In fact at the moment I really hope he can embrace me or console me out, but, things don't turn out that way.
Sigh
Is it true that the longer a couple been together, the more we treat things as part of life, such as feeling?
Recently, he make me feel that for him having a relationship dun seen important anymore as he can prefer to be alone without friends, I think same to relationship. Isn't it?

Well, I wander does blogging consider part of cowardity?
Coward to express all the doubtful feeling?
Coward to face the reality?
Coward to etc?

I think so, right?

Now, I don't know how to express all my feeling and what I am thinking to him.
I am really afraid that things turn out to be a cold shoulder.
This will make me feel that I am so silly.

I wanna say: " I still miss you badly darling!"
____________________________________________________________________
P.s: God please bless me all the best, and lessen my stress plz as I really hate it =(

Wednesday, 4 June 2008 { 12:40 }

Hi bloggy.
Back to blog here.
I seriously hate what I am suffering from.
Life had change dramatically.

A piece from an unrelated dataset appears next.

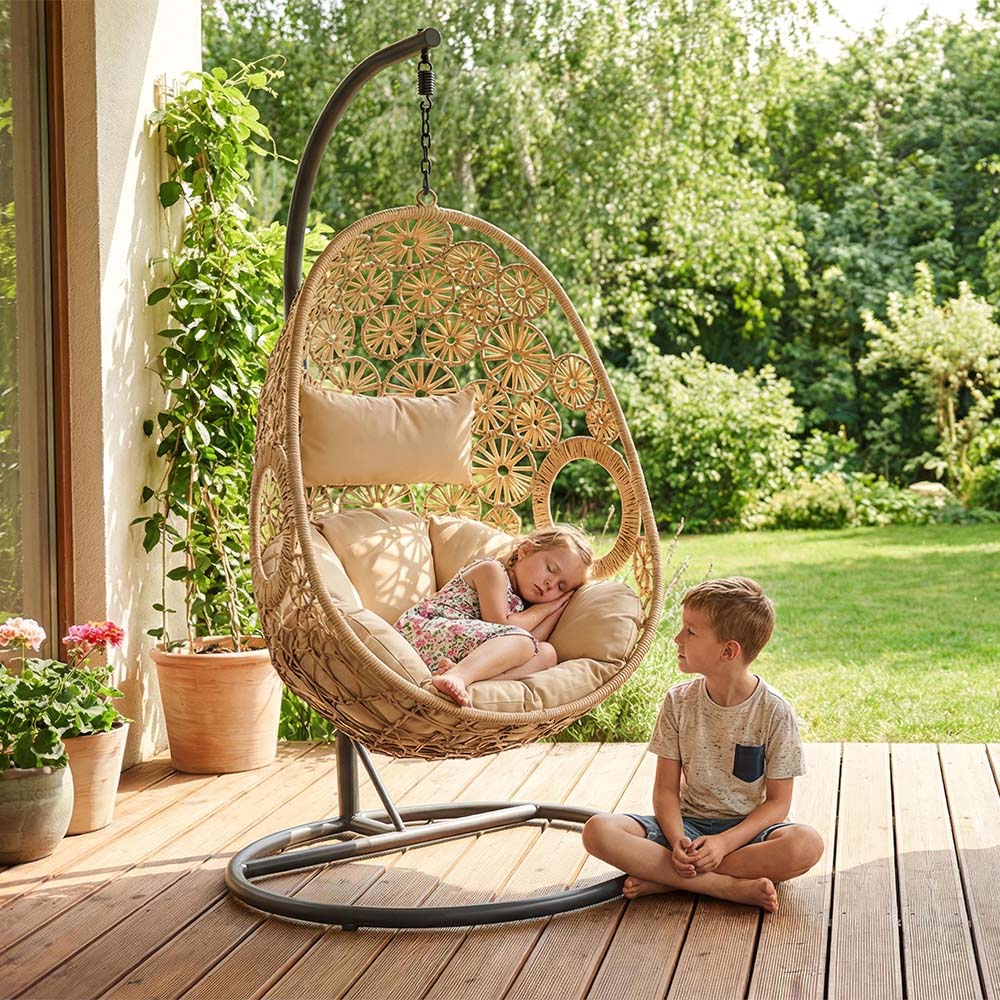 Der Hängesessel Funda ist ein gemütlicher Blickfang für Garten, Balkon oder Terrasse und schafft eine entspannte Wohlfühlatmosphäre im Outdoorbereich.

I am wandering entering a polytechnic is a good or bad thing for me.
What do you think?
Studying all those stuff is really what i persue for?
I been asking myself, but i still don't know how and why.

My cloud seen dark ever seen the day it started.
I am being hardly hitted by the heavy loads.
Iam badly broken down into pieces now.
Crying in despair and suffering from depression, I am really badly stress.
I feel like smoking out, really.
I wanna be feel release by the environment and pressure.
How will i be able to face it.
I don't want to face the reality now, as i hate it.
My life and days is Sux!


Tuesday, 3 June 2008 { 19:56 }

Back to blog here!!!
Well, i am feeling damn stress in Polytechnic..
Sigh!
I hate my life, badly!!!
Many project coming up and going to due soon....
Shit it, damn it!
Exam exam exam also, how?
Candy going to die this time round.. I hate it la...

Well, I will stay strong and move on OK!
I must trust myself =)


well, darling I miss you badly ok!!!Our life seen so busy now ='(still love YOU!